31 October 2017

Basic-auth is the simplest and weakest protection you can add to your resources in a Java EE application. This post shows how to leverage it for JAX-RS-resources that are accessed by a plain HTML5/JavaScript app.

Additionally, I had the following requirements:

  • The JAX-RS-resource is requested from a prue JavaScript-based webapp via the fetch-API; I want to leverage the authentication-dialog from the browser within the webapp (no custom dialog as the webapp should stay as simple as possible and use as much as possible the standard offered by the browser).

  • But I don’t want the whole WAR (i.e. JavaScript app) to be protected. Just the request to the JAX-RS-endpoint should be protected via Basic-auth

  • At the server-side I want to be able to connect to my own/custom identity-store; i.e. I want to programatically check the username/password myself. In other words: I don’t want the application-server’s internal identity-stores/authentication.

Protecting the JAX-RS-endpoint at server-side is as simple as implementing a request-filter.
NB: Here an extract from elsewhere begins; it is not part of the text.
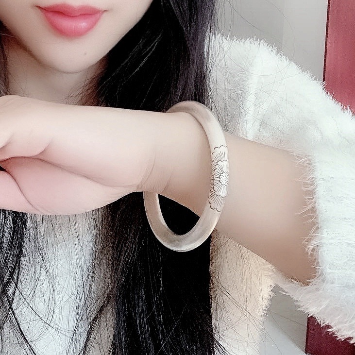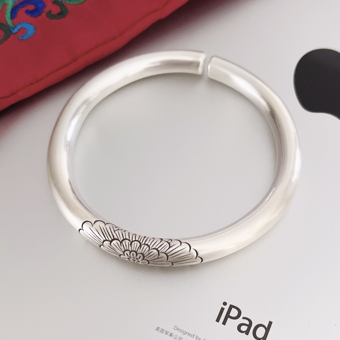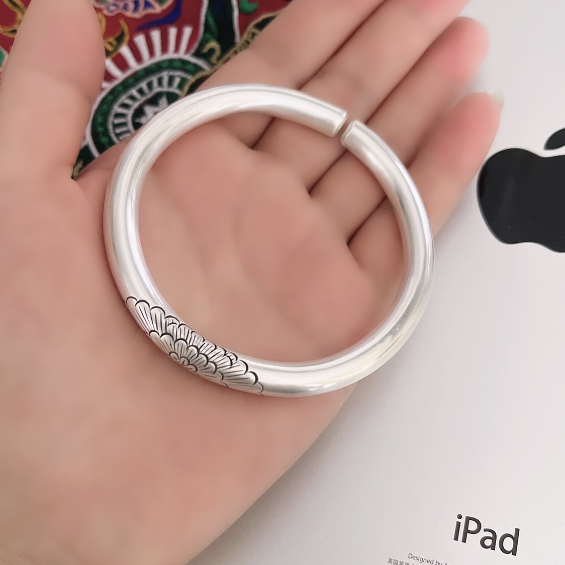 Original design Peony heavy industry foot silver solid hand carved 999 sterling silver bracelet Female silver jewelry niche ins

I could have used a low-level servlet-filter, but instead decided to use the JAX-RS-specific equivalent:

import javax.ws.rs.container.ContainerRequestContext;
import javax.ws.rs.container.ContainerRequestFilter;
import javax.ws.rs.core.Response;
import javax.ws.rs.ext.Provider;

@Provider
public class SecurityFilter implements ContainerRequestFilter {

	@Override
	public void filter(ContainerRequestContext requestContext) throws IOException {
		String authHeader = requestContext.getHeaderString("Authorization");
		if (authHeader == null || !authHeader.startsWith("Basic")) {
			requestContext.abortWith(Response.status(401).header("WWW-Authenticate", "Basic").build());
			return;
		}

		String[] tokens = (new String(Base64.getDecoder().decode(authHeader.split(" ")[1]), "UTF-8")).split(":");
		final String username = tokens[0];
		final String password = tokens[1];

		if (username.equals("daniel") && password.equals("123")) {
			// all good
		}
		else {
			requestContext.abortWith(Response.status(401).build());
			return;
		}
	}

}

If the Authorization header is not present, we request the authentication-dialog from the browser by sending the header WWW-Authenticate=Basic. If i directly open up the JAX-RS-resource in the browser, I get the uthentication-dialog from the browser and can access the resource (if I provide the correct username and password).

Now the question is if this also works when the JAX-RS-resource if fetched via the JavaScript fetch-API. I tried this:

function handleResponse(response) {
	if (response.status == "401") {
		alert("not authorized!")
	} else {
		response.json().then(function(data) {
			console.log(data)
		});
	}
}

fetch("http://localhost:8080/service/resources/health").then(handleResponse);

It did not work; I was getting 401 from the server because the browser was not sending the "Authorization" header; but the browser also did not show the authentication-dialog.

A peak into the spec hinted that it should work:

  1. If request’s use-URL-credentials flag is unset or authentication-fetch flag is set, then run these subsubsteps: …​

  2. Let username and password be the result of prompting the end user for a username and password, respectively, in request’s window.

So, i added the credentials to the fetch:

fetch("http://localhost:8080/service/resources/health", {credentials: 'same-origin'}).then(handleResponse);

It worked. The browser shows the authentication-dialog after the first 401. In subsequent request to the JAX-RS-resouce, the "Authorization" header is always sent along. No need to reenter every time (Chrome discards it as soon as the browser window is closed).

The only disadvantage I found so far is from a development-perspective. I usually run the JAX-RS-endpoint seperately from my Javascript app; i.e. the JAX-RS-endpoint is hosted as a WAR in the application-server but the JavaScript-app is hosted via LiveReload or browser-sync. In this case, the JAX-RS-service and the webapp do not have the same origin (different port) and I have to use the CORS-header Access-Control-Allow-Origin=* to allow communication between the two. But with this header set, the Authorization-token collected by the JavaScript-app will not be shared with the JAX-RS-endpoint.